Resistance/susceptibility to Echinococcus multilocularis infection and cytokine profile in humans. II. Influence of the HLA B8, DR3, DQ2 haplotype

• Published in: Clinical and experimental immunology Vol. 121; no. 3; pp. 491 - 498
• Main Authors: Godot, V., Harraga, S., Beurton, I., Tiberghien, P., Sarciron, E., Gottstein, B., Vuitton, D. A.
• Format: Journal Article
• Language: English
• Published: Oxford, UK Blackwell Science Ltd 01.09.2000; Blackwell; Blackwell Science Inc
• Subjects: alveolar echinococcosis; Animals; Antigens, Helminth - administration & dosage; Antigens, Helminth - isolation & purification; Biological and medical sciences; Case-Control Studies; cellular immunity; Cytokines - genetics; Cytokines - metabolism; Diseases caused by cestodes; Echinococcoses; Echinococcosis - etiology; Echinococcosis - genetics; Echinococcosis - immunology; Echinococcus - immunology; Echinococcus multilocularis; g-Interferon; Haplotypes; Helminthic diseases; histocompatibility locus HLA; HLA Antigens - genetics; HLA-B8 Antigen - genetics; HLA-DQ Antigens - genetics; HLA-DR3 Antigen - genetics; Humans; IL‐10; IL‐5; Immunity to Infection; In Vitro Techniques; Infectious diseases; Interferon-gamma - genetics; Interferon-gamma - metabolism; interferon‐gamma; Interleukin-10 - genetics; Interleukin-10 - metabolism; Interleukin-5 - genetics; Interleukin-5 - metabolism; Leukocytes, Mononuclear - immunology; Medical sciences; Parasitic diseases; RNA, Messenger - genetics; RNA, Messenger - metabolism; Th2 Cells - immunology; Tumor Necrosis Factor-alpha - metabolism; tumour necrosis factor; Human; HLA-System; Immune response; Major histocompatibility system; Cytokine; Class II histocompatibility antigen; Plathelmintha; Hepatic disease; Cellular immunity; Parasitosis; Cestoda; Helminthiasis; Cestode disease; Infection; Echinococcus multilocularis; Interleukin 5; Risk factor; Interleukin 10; Helmintha; Digestive diseases; Invertebrata; Echinococciasis; Haplotype; Gamma interferon
• ISSN: 0009-9104; 1365-2249
• DOI: 10.1046/j.1365-2249.2000.01309.x

Differences have been shown between HLA characteristics of patients with different courses of alveolar echinococcosis (AE).

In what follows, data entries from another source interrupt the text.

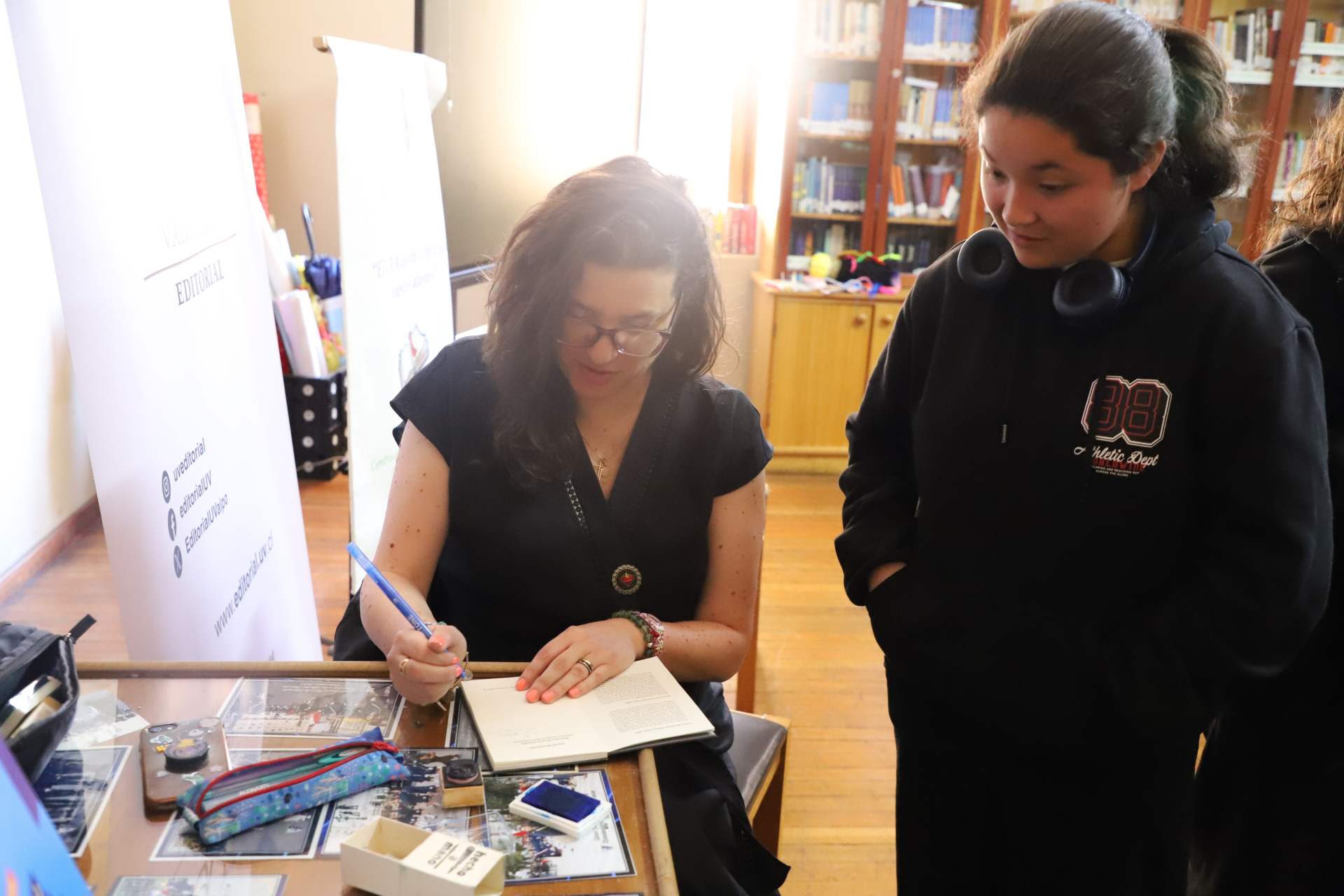 Este proyecto piloto también incluyó un encuentro con la escritora María José Navia, en el marco del Festival Puerto de Ideas Valparaíso 2024, en el cual estudiantes del Liceo Juana Ross conversaron con la autora y compartieron con ella el proceso de creación de minilibros con los ejercicios de escritura creativa que realizaron durante el club.
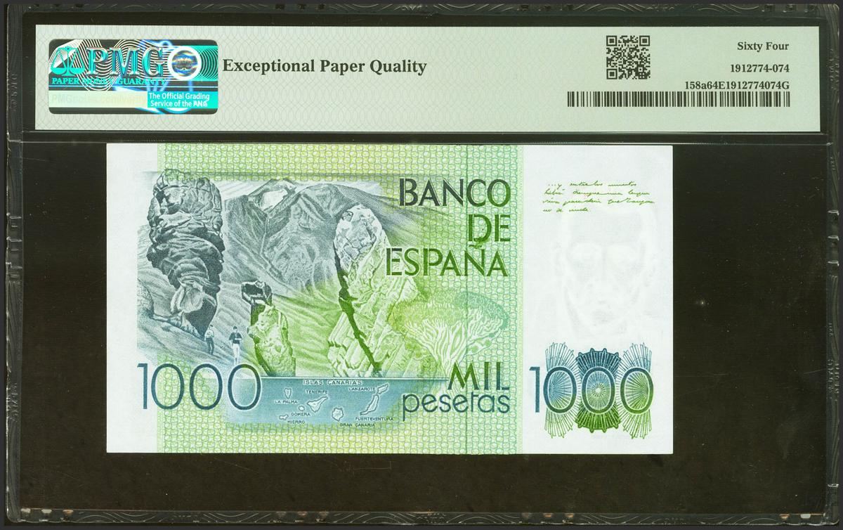 1000 Pesetas. 23 de Octubre de 1979. Sin serie y numeración bajísima. (Edifil 2021: 477, Pick: 158a). SC. Encapsulado PMG64EPQ.
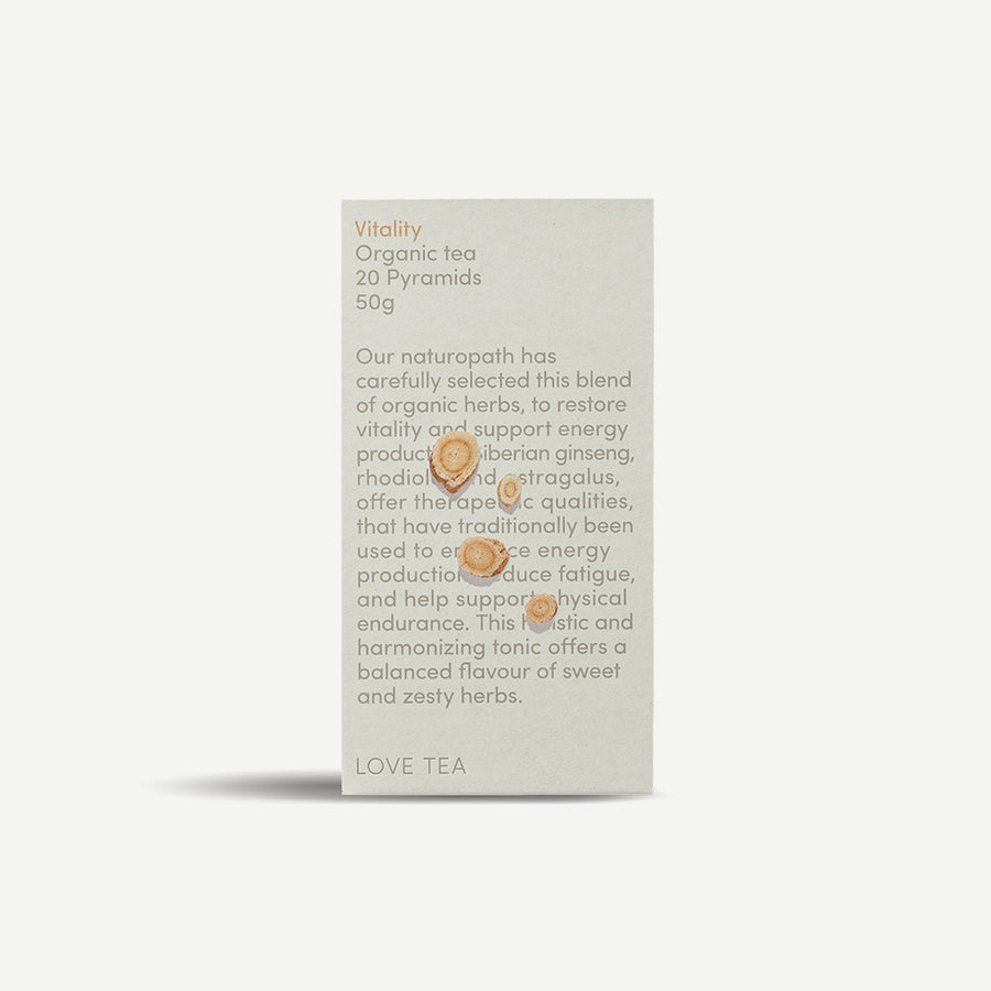 Carefully selected, this blend of organic herbs restores vitality and support energy production. Siberian ginseng, rhodiola, hibiscus and astragalus, offer therapeutic qualities, that have traditionally been used to enhance energy production, reduce fatigue, and help support physical endurance. This holistic and harmonizing tonic offers a balanced flavour of sweet and zesty herbs.
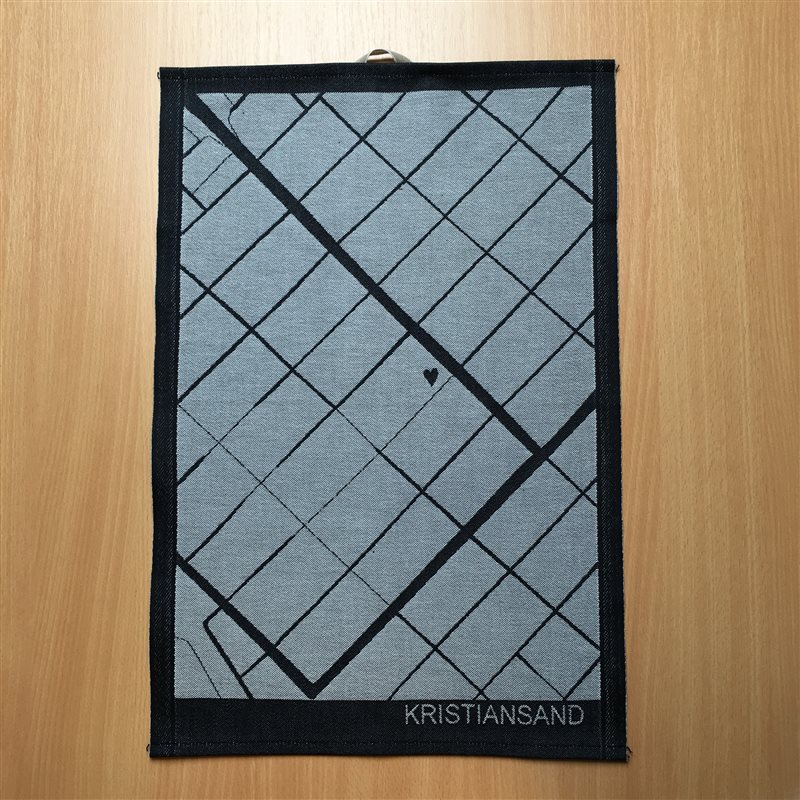 Dette er et spesialdesign, produsert i Sverige av Ekelund Linneväveri, tiltenkt vår butikk i Kristiansand. Her vises bykjernen med sine velkjente vinkelrette gater. Symbolet som markerer sentrums midtpunkt er et hjerte.
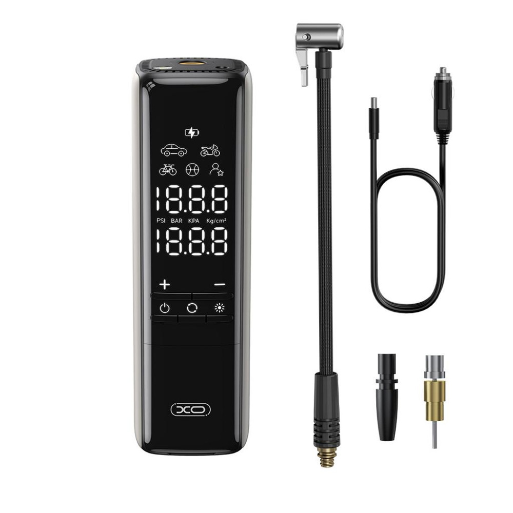 COMPRESOR DE AIRE/INFLADOR XO-CZ017 AUTO/MOTO 12V CON CABLE. Bomba infladora con cable inteligente de 22 cilindros. Con un voltaje de entrada de 12 V DC y una potencia máxima de 120 W, esta bomba proporciona un caudal de aire de 23-25? L/min, asegurando un inflado rápido y sin esfuerzo. – Longitud del cable: 3m – Método de control: botones + pantalla de visualización – Tamaño del tubo de aire: 30 cm – Iluminación LED: 1 luz LED – Peso del producto: 463 g Dimensiones del producto: 17,1 x 5,21 x 5,23 cm.
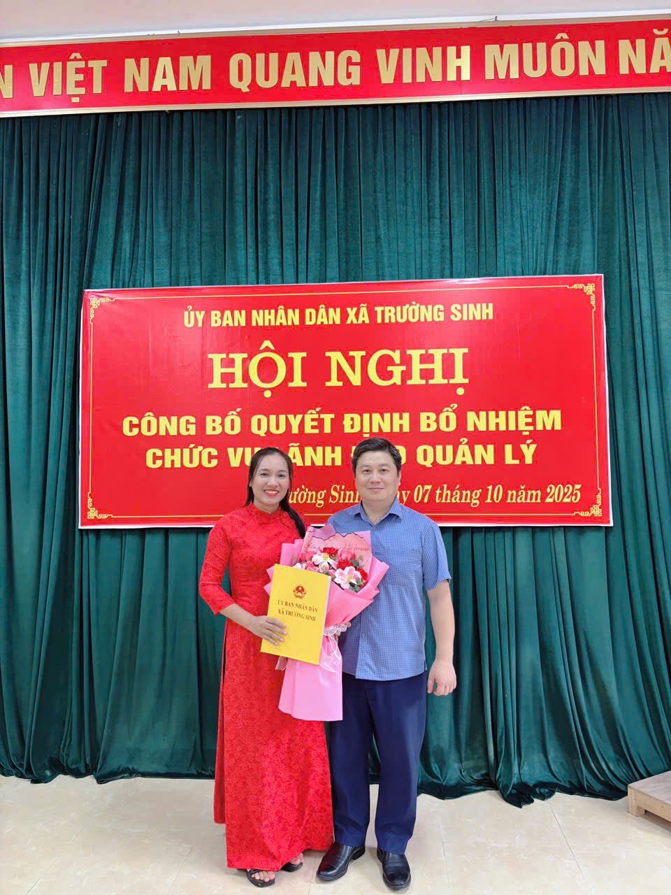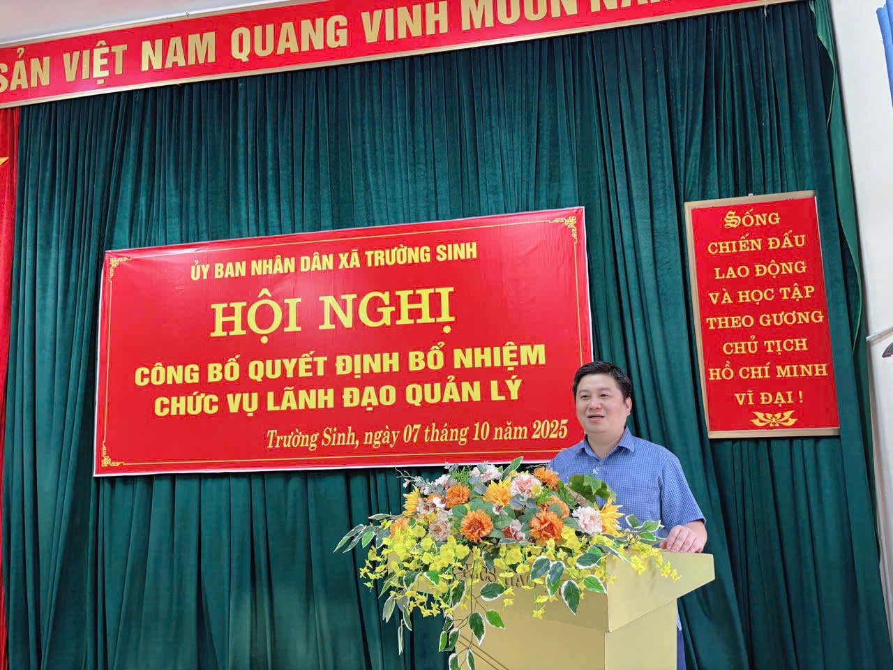 Thực hiện Nghị quyết số 04-NQ/ĐU ngày 27/9/2025 của Ban Thường vụ Đảng ủy xã Trường Sinh về công tác cán bộ; Quyết định số 464/QĐ-UBND ngày 06/10/2025 của Uỷ ban nhân dân xã Trường Sinh về việc bổ nhiệm viên chức giữ chức vụ lãnh đạo, quản lý. Chiều ngày 07/10/2025 Ủy ban nhân dân xã Trường Sinh tổ chức Hội nghị công bố Quyết định bổ nhiệm cán bộ lãnh đạo Trường THCS Hào Phú.
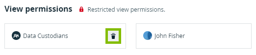 One view permission is deleted, so only the remaining users or user groups can see this resource and its children.
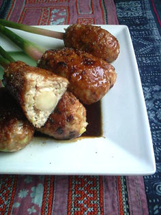 作り方:1)ボウルにつくねの材料を全て入れ、あまりこねすぎないように注意して
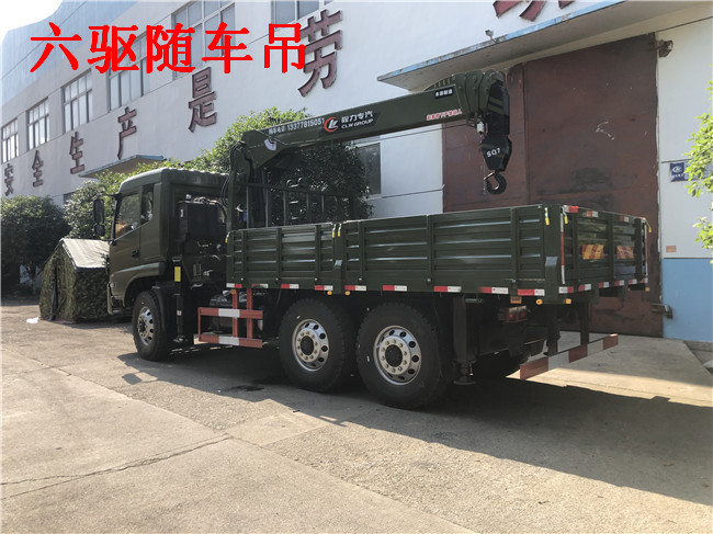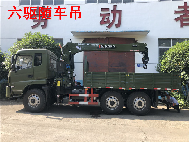 6X6東風原廠六驅(qū)隨車吊配吊噸位:按公司配5噸6.3噸7噸整車自重不超重,因整車自重輕,是單層大梁,所以配不了8噸吊機。
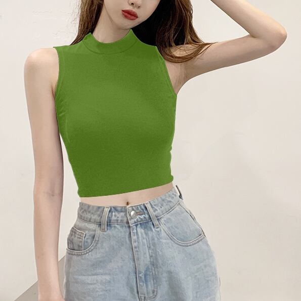 商品名:ショート丈 ハイネック ノースリーブ トップス
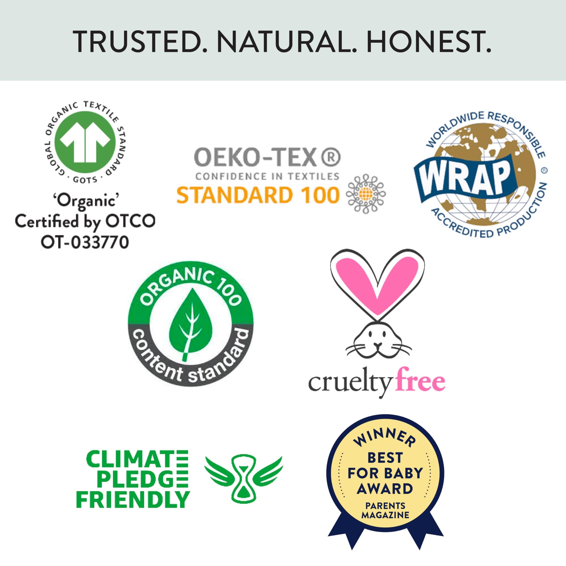• 100% ORGANIC COTTON: Certified by GOTS: GOTS is the leading world-wide standard for products made in sustainable manufacturing facilities without the use of synthetic pesticides, are non-toxic, PVC free and made without heavy metal phthalate dyes
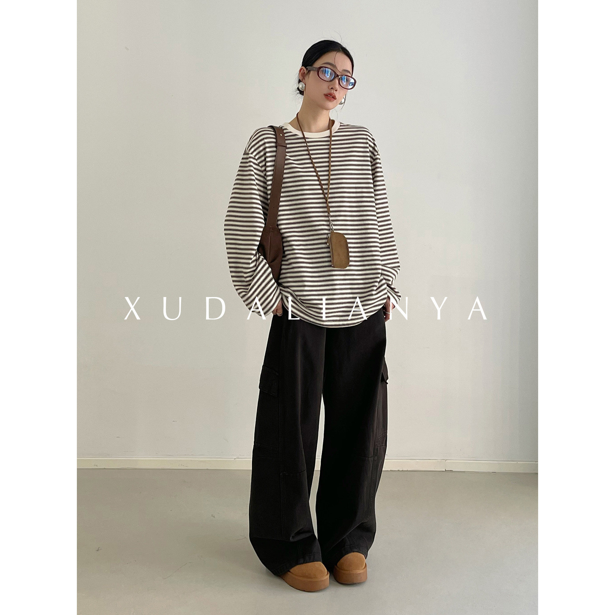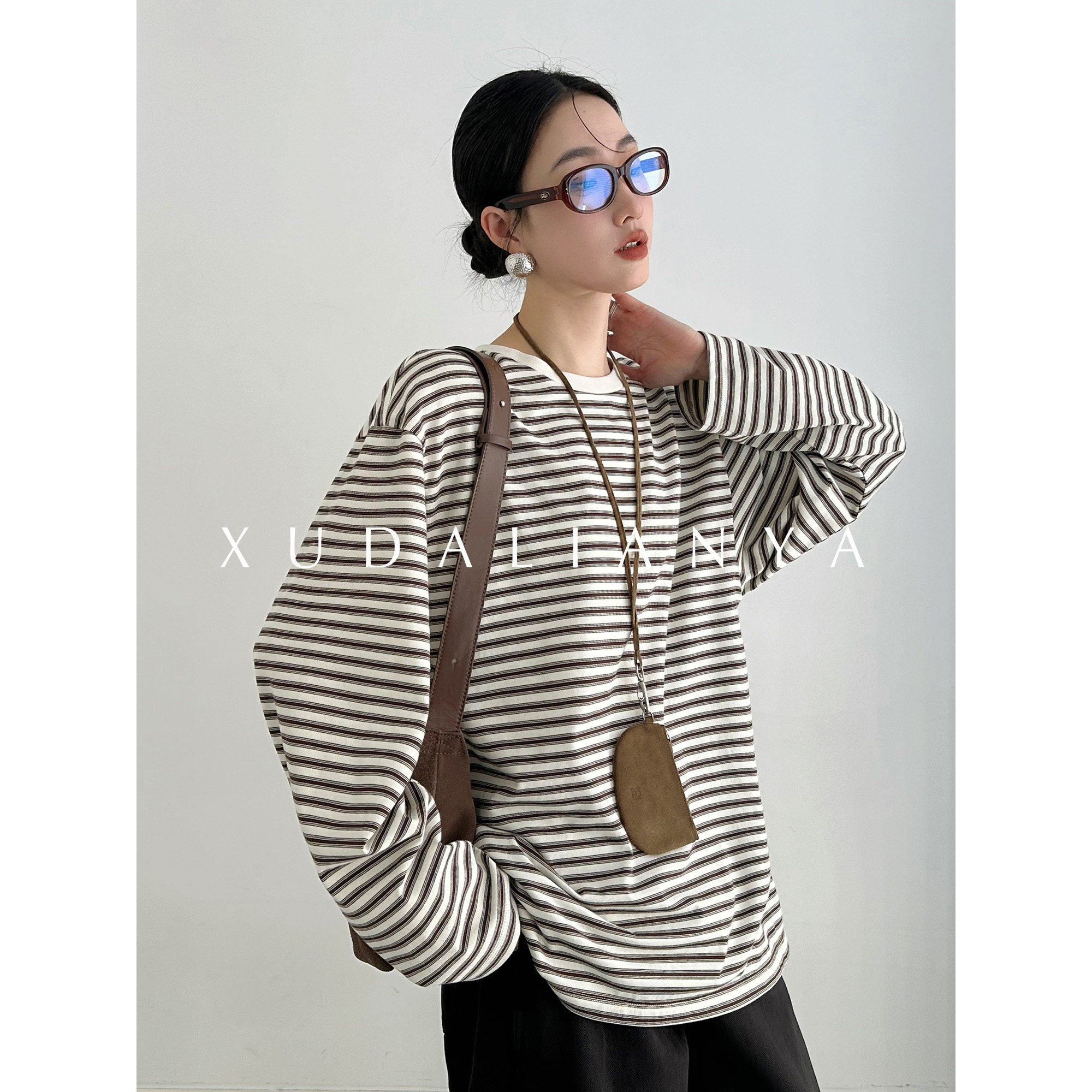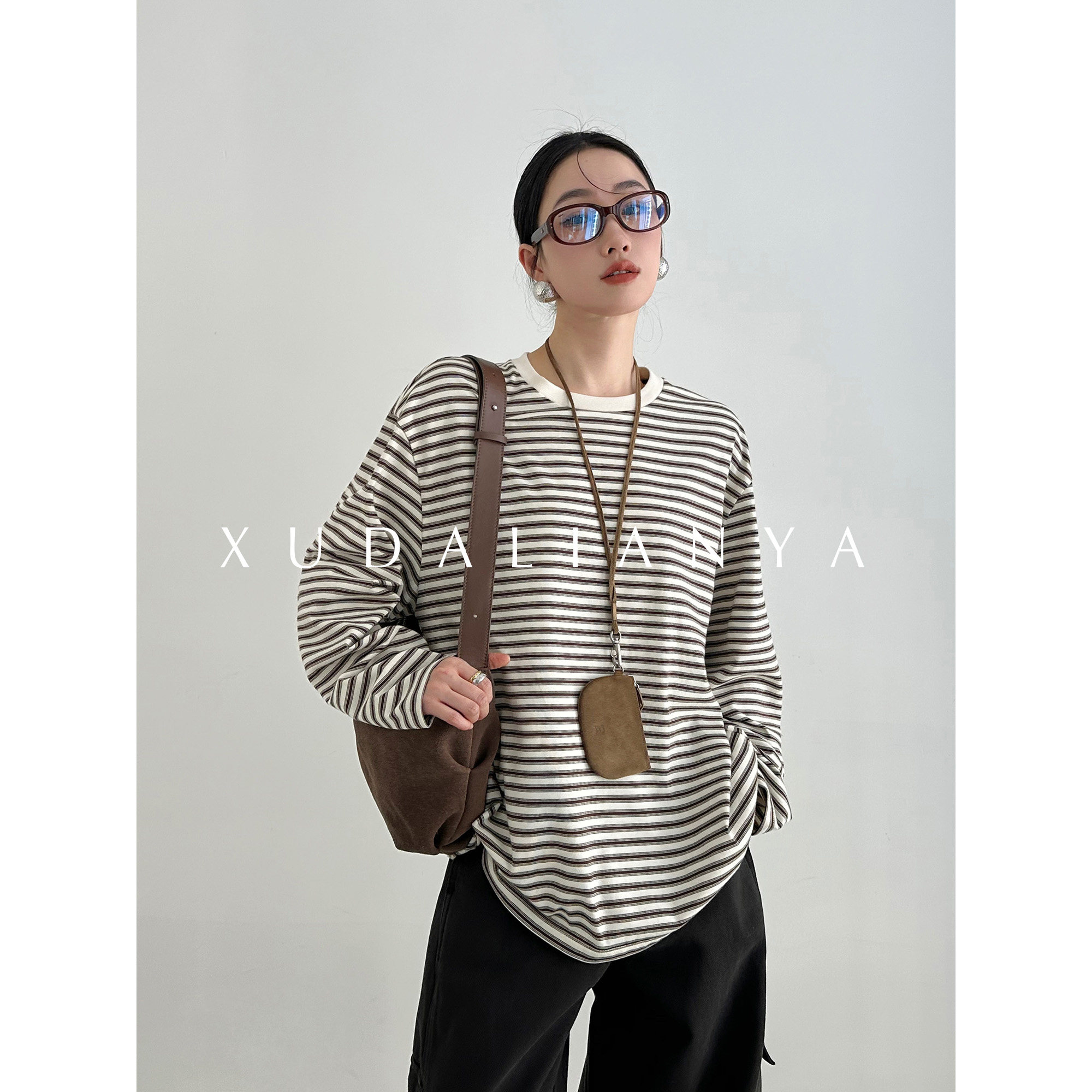 徐大脸吖定制 韩系复古全棉圆领针织衫春秋休闲条纹长袖T恤女上衣

Notably the HLA B8, DR3, DQ2 haplotype was associated with more severe forms of this granulomatous parasitic disease. We compared IL‐10, IL‐5, interferon‐gamma (IFN‐γ) and tumour necrosis factor (TNF) secretion by peripheral blood mononuclear cells (PBMC) isolated from eight HLA‐DR3+, DQ2+, B8+ AE patients and from 10 HLA‐DR3−, DQ2−, B8− patients after non‐specific mitogenic and specific Echinococcus multilocularis antigenic in vitro stimulation. PBMC from seven HLA‐DR3+, DQ2+, B8+ healthy subjects and nine HLA‐DR3−, DQ2−, B8− subjects were also studied as controls. PBMC from AE patients with HLA DR3+, DQ2+ haplotype secreted higher levels of IL‐10 without any stimulation and after specific antigenic stimulation than did patients without this haplotype. Higher levels of IL‐5 and IFN‐γ were also produced by these patients' PBMC after stimulation with non‐purified parasitic antigenic preparations; however, the specific alkaline phosphatase antigen extracted from E. multilocularis induced only Th2‐type cytokine secretion. A spontaneous secretion of TNF by HLA DR3+, DQ2+ B8+ AE patients was also found. These results suggest that HLA characteristics of the host can influence immune‐mediated mechanisms, and thus the course of AE in humans; specific antigenic components of E. multilocularis could contribute to the preferential Th2‐type cytokine production favoured by the genetic background of the host.